Из-за этого любования полешуком-белорусом постепенно выступает драма человеческая. Выловлена, почувствована, понята драма эта по-журналистски, «на ходу», но неожиданно глубоко. Потому что знает автор крестьянина, и солдатчину знает, и трагедию беженства видел... И потому чувствует душу случайного знакомого своего сразу и глубоко. Однако вон сколько знать всего надо (войну, окопы, солдатчину), а не одну лишь мужицкую деревню, как было прежде, чтобы считать, что понимаешь белоруса.
Какой-то не такой уже белорус, не прежний. А многое из прежнего, если и замечается в нем, то проявляется уже иначе и выглядит иначе. Однако и этот белорус М. Горецкого не забудет заговорить про «потайное». Помните, сколько об этом было в ранних рассказах.
Вроде бы все то же:
«— Как раз на крещение в 1914 году,— вдруг начал он рассказывать нечто иное,— на крещение, поздно вечером, где-то часу в 12-м ночи, на шумной — как-никак рождество — улице вдруг стала мертвая тишина.

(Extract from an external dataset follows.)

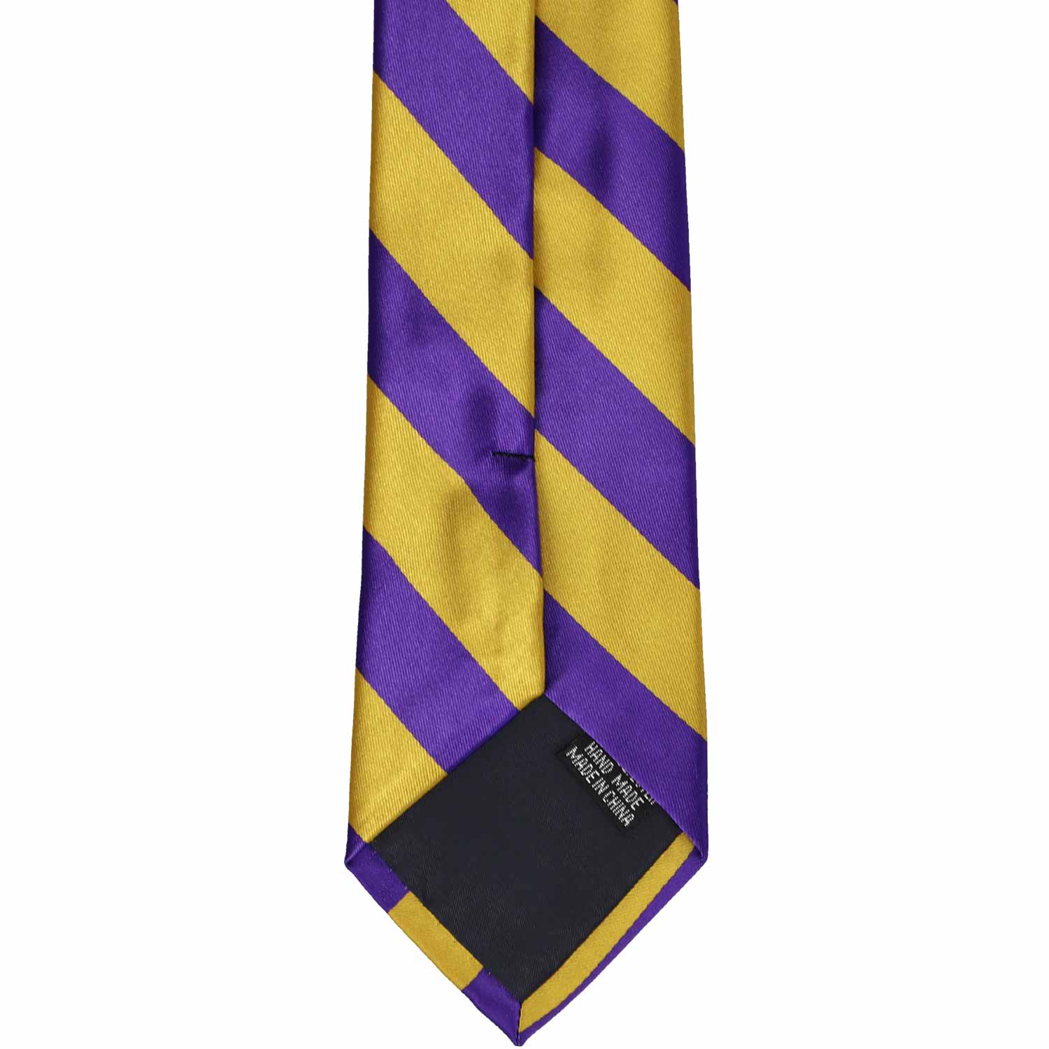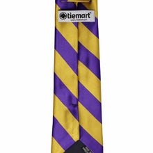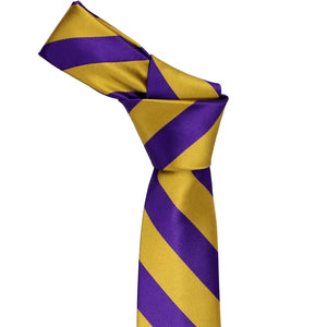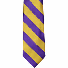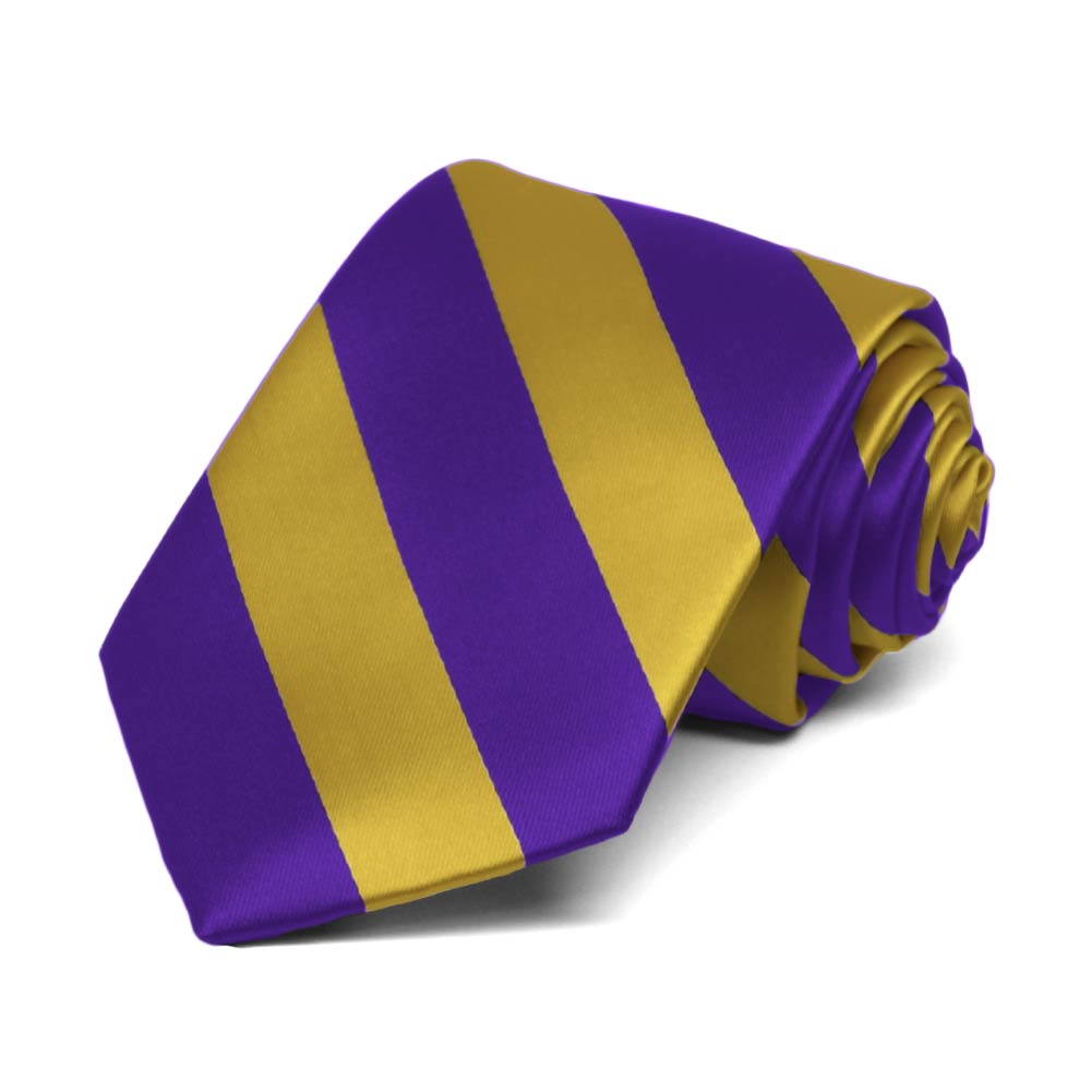 Consider this dark purple and gold striped boys' necktie for his school, sports team, or group uniform. The combination of deep purple and brassy gold creates a preppy but bold combo that looks sophisticated and spirited. Featuring stripes that measure 0.75-inches wide, this tie adds a handsome, coordinated look to any outfit. He'll look incredibly sharp and feel proud when he ties this necktie himself.

Я со сватом только вернулся домой. Что такое? Вышли во двор — а там све-е-етлым-светло, светлее, чем днем. Испугались мы, выбежали на улицу. И видим: на небе, с восхода на заход в белом-белом, светлом сиянии, но, как в тумане, идут, идут... У кого в руке сабля, у кого винтовка или другое оружие, пулеметы на колесиках тащат... И надпись там, где прошли, громадными красными, аж горят, буквами — годы: 1914, 1915, 1916... Появятся буквы и темнеют потихоньку, появятся и темнеют... Не успел я хорошо вглядеться, как так же вдруг все — шух! Шухнуло, и опять стало темно...»
«Что это он, всерьез или с какой-то непонятной целью?» — вглядывается рассказчик. Может быть, «пугает» гостей нежданных, а может быть, «предупреждает» красивую свою жену?..

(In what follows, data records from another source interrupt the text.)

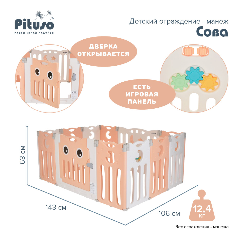 Детский манеж-ограждение Pituso Сова, Персик/белый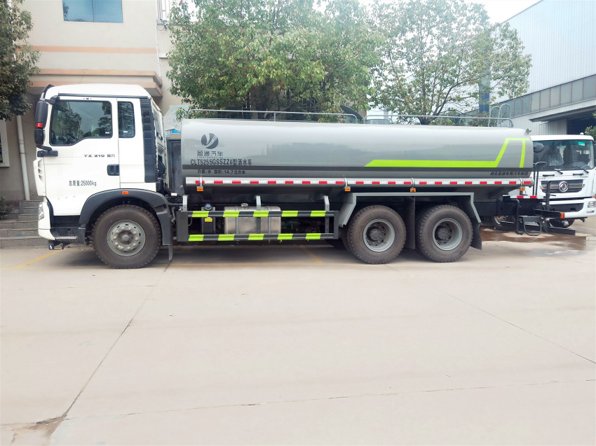 重汽20噸灑水車罐體為橢圓形或方形,采用武鋼優(yōu)質(zhì)碳鋼板制成,罐體倉內(nèi)1.5米一道隔板,具有防波防蕩作用,還可按用戶要求進(jìn)行專業(yè)的防腐防銹處理,罐體外可用發(fā)泡或巖棉加裝保溫層起保溫功能。可選裝藥盤,藥泵、高壓噴藥設(shè)備、非車帶泵動(dòng)力等.、罐內(nèi)防腐防銹、多方位進(jìn)出水接頭、氣動(dòng)閥、警燈等先進(jìn)設(shè)施,以滿足不同用戶需求。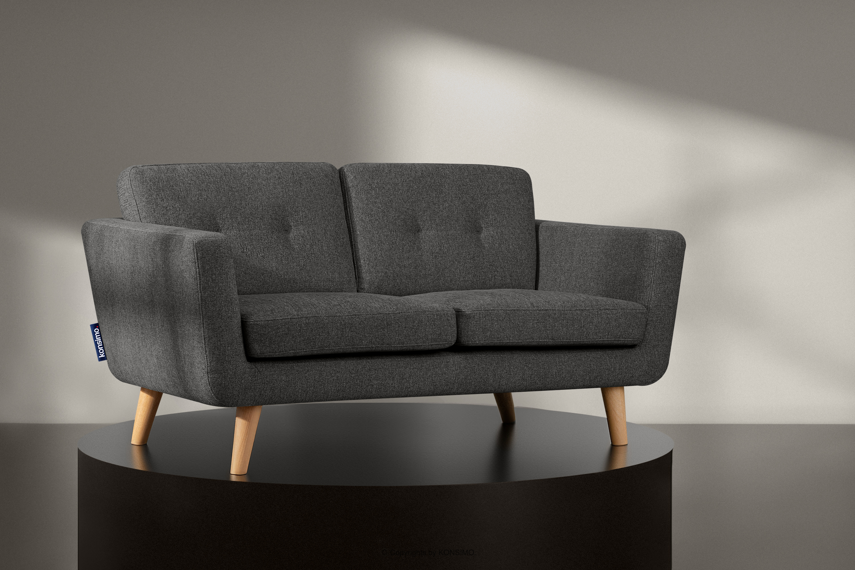 Škandinávska dvojmiestna pohovka s prešívaním v tkanej grafitovej látke je výrobok vyrobený z vysokokvalitných materiálov. Dizajn je inšpirovaný severoeurópskym regiónom. Ďalším atribútom tohto kusu nábytku je poťah vankúša, ktorý obsahuje esteticky skrytý tunel na zips. Pohovka TAGIO je čalúnená tkanou látkou, ktorá je neuveriteľne príjemná na dotyk a zostáva odolná voči oderu a odlupovaniu.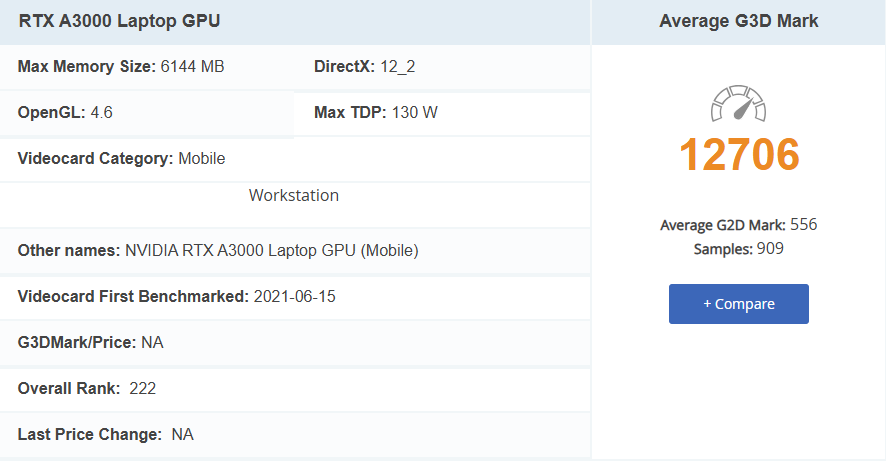 | GPU | Nvidia RTX A3000 6GB GDDR6 |

«Хотелось все время смотреть, как она ужинала и изредка вскидывала теми чернымй пушистыми ресницами, когда черпала ложкой или откусывала хлеб. Наверное, она чувствовала, что мы на нее смотрим, а подпрапорщик действительно так и прилип к ней...»
Рассказчик с тем и ушел из белорусской хаты.
«Утром, еще затемно, мы вышли из хаты... Только случайно, проходя на улицу мимо навеса, заметил я, что там, под навесом, странный этот полешук приглушенным голосом, нервничая, совсем не такой, каким показался мне сначала, допекал молодую жену...
И теперь, услышав его раздраженный голос, я подумал, что человек этот ужасно ревнив к своей жене, а может быть, и страдает за какие-то ее грехи во время, когда он был на фронте, а в хате ночевали такие же бродяги-солдаты, как и мы»
Прежде в обычном искал, видел, находил «потайное».
А тут в «потайном» учится открывать простое, бытовое, человеческое — и видите, во сколько раз оно интереснее. И во сколько раз литература такая и богаче и сложнее, в жизненном отношении сложнее!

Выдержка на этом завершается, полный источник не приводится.